Быстрым легким движением она коснулась его худощавого колена.
– Милая старушка Нарси, – с улыбкой отозвался он, но лицо его тотчас же омрачилось снова. – Ну и мерзавец. Впрочем, это уж их забота, А как здоровье тетушки Сэлли?
– Хорошо… Как я рада, что ты вернулся, Хорри.
Захудалые лавчонки остались позади, и теперь улица раздалась вширь между старинными тенистыми лужайками, просторными и тихими. Дома здесь были очень старые – по крайней мере с виду; они стояли вдалеке от улицы и уличной пыли и излучали ласковую тишину и покой, неколебимые, как безветренный вечер в мире, где нет ни движенья, ни звука.
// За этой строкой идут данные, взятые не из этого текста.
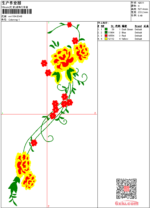 - emb花版参数: 大小:171.50 KB / 尺寸:233*527[毫米] / 针数:42612针 / 线色:4 / 格式:emb / 版本:9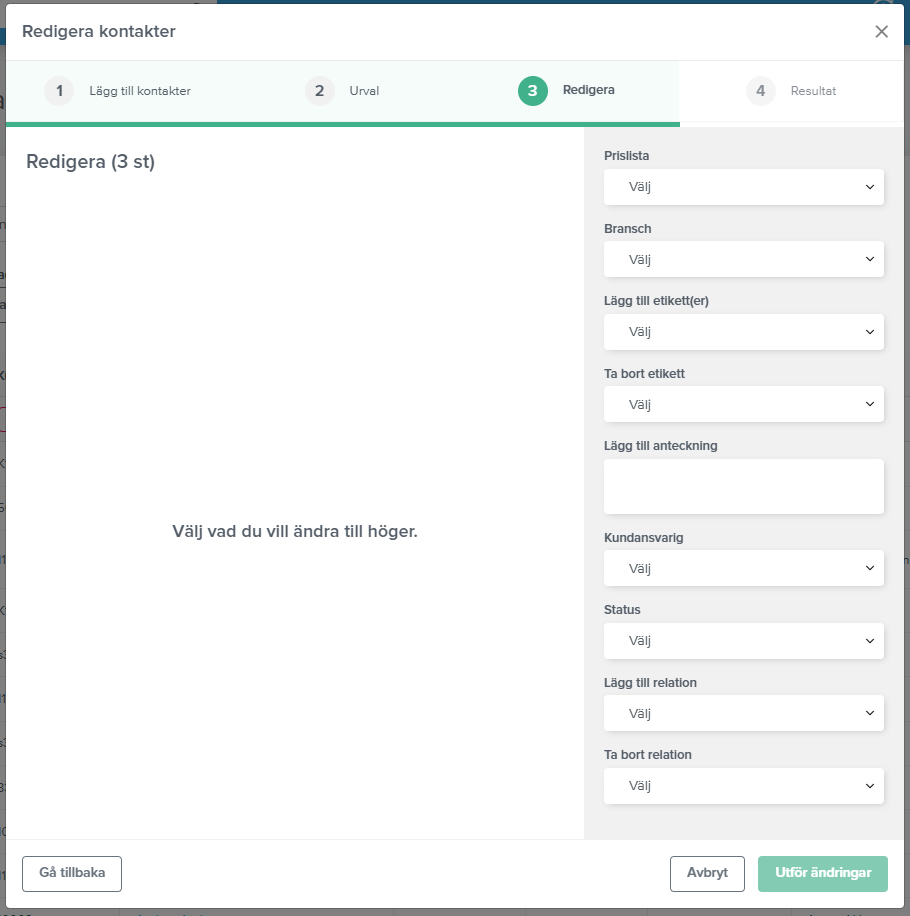 Välj vilka ändringar du vill göra på markerade kontakter. Du kan göra flera ändringar på samma gång. De ändringar du kan göra är: Prislista, bransch, lägg till etikett, ta bort etikett, lägg till anteckning, kundansvarig, status, lägg till relation, ta bort relation.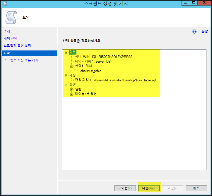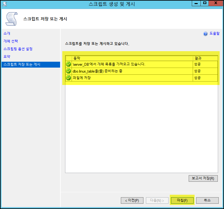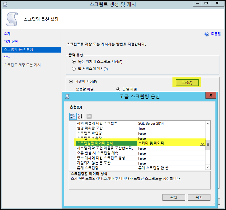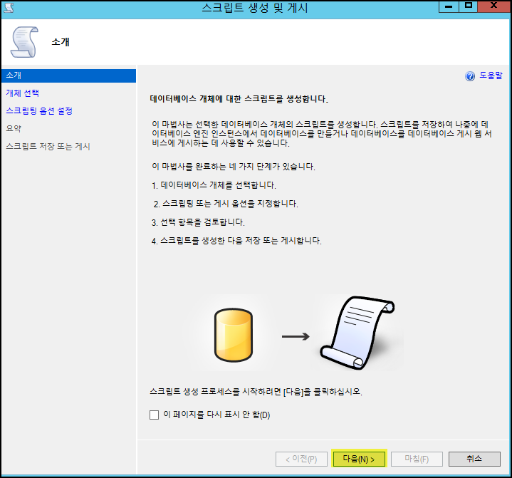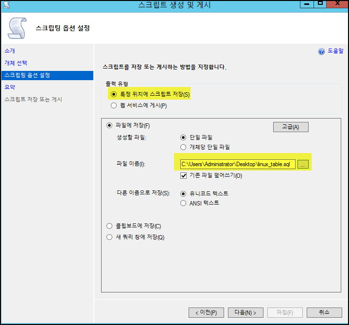 스크립팅 옵션 설정에서 특정 위치에 스크립트 저장 -> 파일에 저장 -> 파일 이름의 경로를 지정 후 다음으로 진행합니다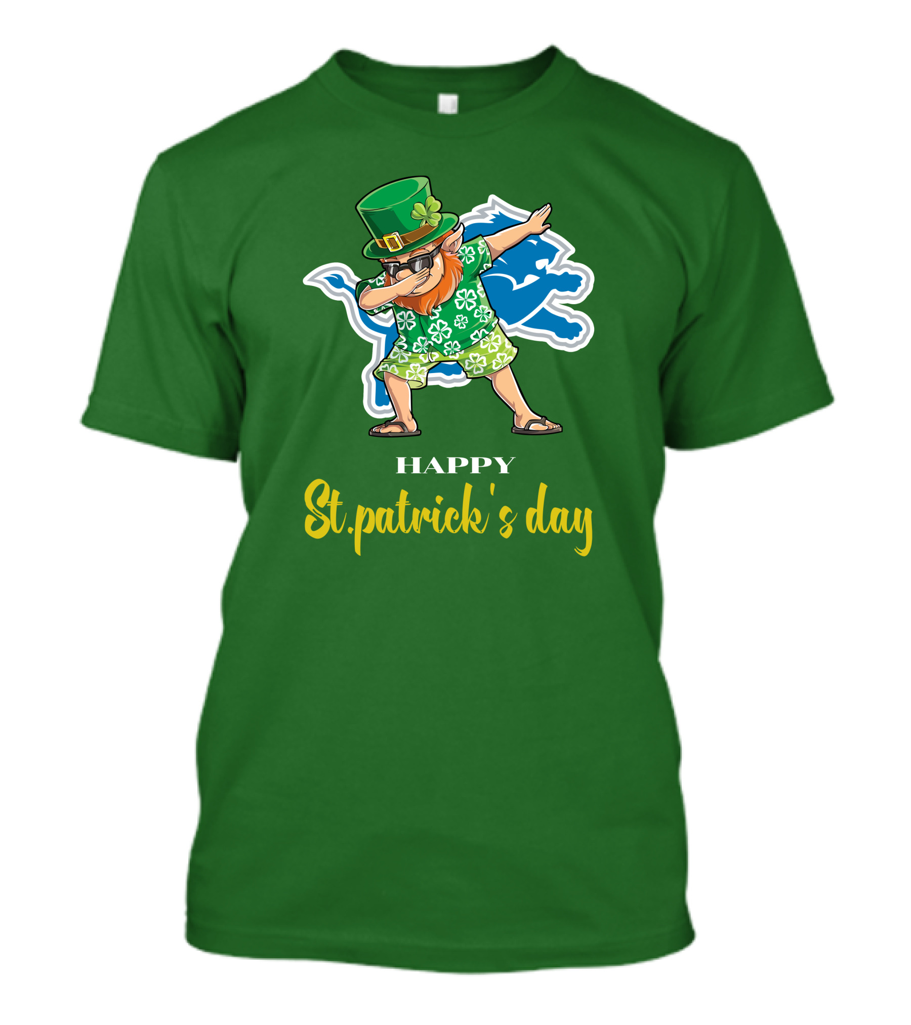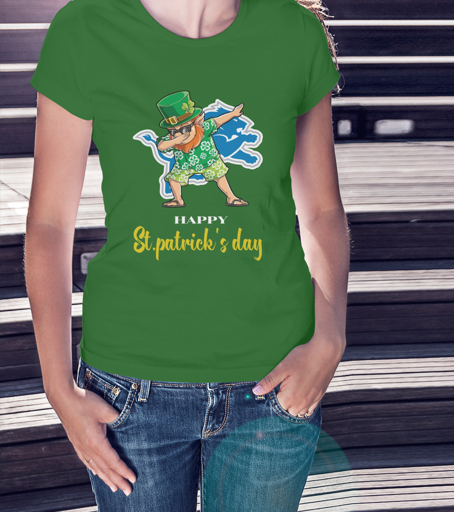 The Happy St. Patrick's Day Dabbing Leprechaun Detroit Lions T-shirt is designed for everyday wear and a consistent fit. Fabric is pre-shrunk ring-spun cotton with durable stitching. See the size chart below for exact measurements.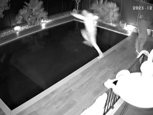 Un ladro che insieme a un complice ha provato a entrare in una casa di Ghedi (Brescia) si è tuffato in piscina pur di sfuggire ai cani. Il video è stato pubblicato dal padrone di casa.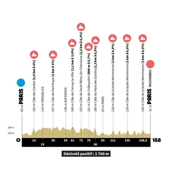 C'est un parcours pour costaud qui a été dévoilé par les organisateurs des Jeux, 2800 mètres de dénivelé et pas moins de 14 bosses. Un dernier circuit autour de la butte de Montmartre (1 km à 6,5%). Une côte a escaladé 3 fois dont une dernière fois à 9,5 kilomètres de l'arrivée. Un parcours taillé pour les sprinteurs à l'aise dans les bosses, ce qui fait de Wout Van Aert ou encore Mathieu Van der Poel les immenses favoris. Le départ aura lieu à la Tour Eiffel pour une arrivée au Trocadéro.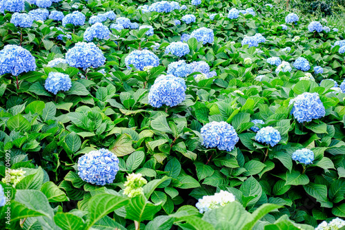 Close-Up Blooming Blue Hydrangea Flowers in Natural Garden Light

Хорес огляделся вокруг и глубоко вздохнул.
– Может быть, это и есть причина войн, – сказал он. – Смысл мира.
Они свернули в боковую улицу, более узкую, ко более тенистую и даже еще более тихую, погруженную в золотистую пасторальную дрему, и въехали в ворота, замыкавшие обсаженную жимолостью железную ограду. От ворот начиналась посыпанная гарью аллея, изгибавшаяся дутой между двумя рядами виргинских можжевельников. Можжевельники посадил в 40-х годах прошлого века английский архитектор, который построил дом в погребальном стиле Тюдоров[42] (с одним лишь незначительным отступлением в виде веранды), распространившемся с благословения молодой королевы Виктории, и даже в самые солнечные дни под можжевельниками царил бодрящий смолистый сумрак. Их облюбовали пересмешники, снегири и дрозды, чье скромное сладкозвучное пенье ласкало слух по вечерам; но под ними почти не росла трава и не водились насекомые, и только в сумерках появлялись светлячки.
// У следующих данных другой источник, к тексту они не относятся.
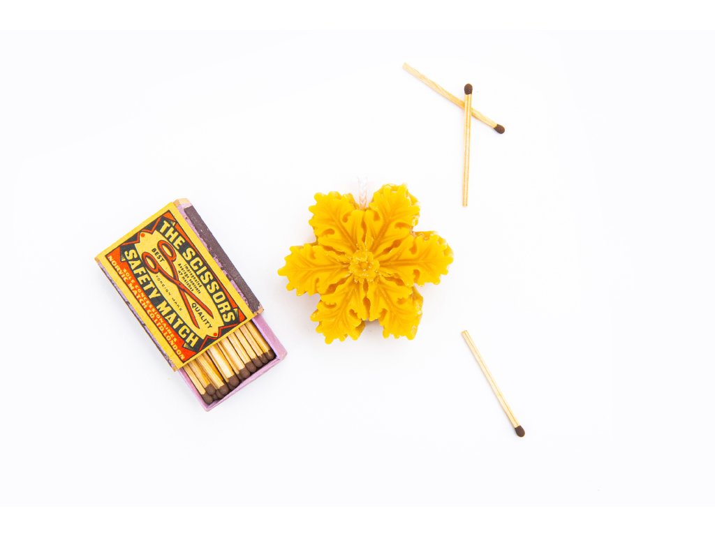 Svíčky jsou vyrobeny ze 100% včelího vosku z ČR a bavlněného knotu.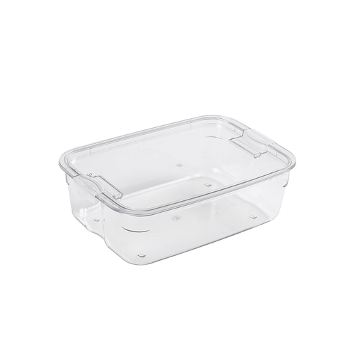 OC HomeClear bin with protective lid to keep items fresh. Durable PET construction with space-saving design. Not suitable for dishwasher or microwave use.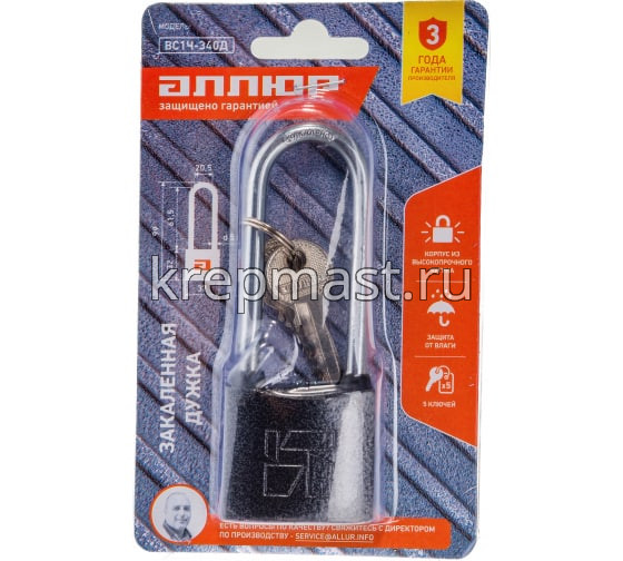 Замок навесной АЛЛЮР ВС1Ч-340Д d.5мм дл.дужка в Набережных Челнах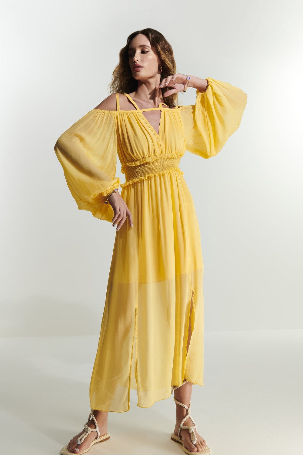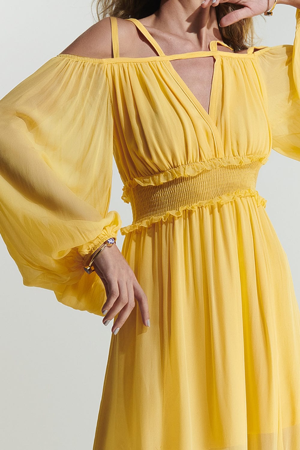 L'Cecci - Vestido Midi Fluido Recortes Simétricos Amarelo

Аллея поднималась к дому, изгибалась перед ним и снова спускалась на улицу двумя рядами можжевельников. В центре дуги рос одинокий дуб – густой, развесистый и низкий, а вокруг него была деревянная скамья. Внутри полумесяца, образованного аллеей, и за нею густо разрослись древние как мир высокие кусты лагерстремии и спиреи. В одном углу забора росла диковинная купа низкорослых банановых пальм, а в другом – лантана со своими запекшимися ранами – Фрэнсис Бенбоу в 1871 году вывез ее с Барбадоса в футляре из-под цилиндра.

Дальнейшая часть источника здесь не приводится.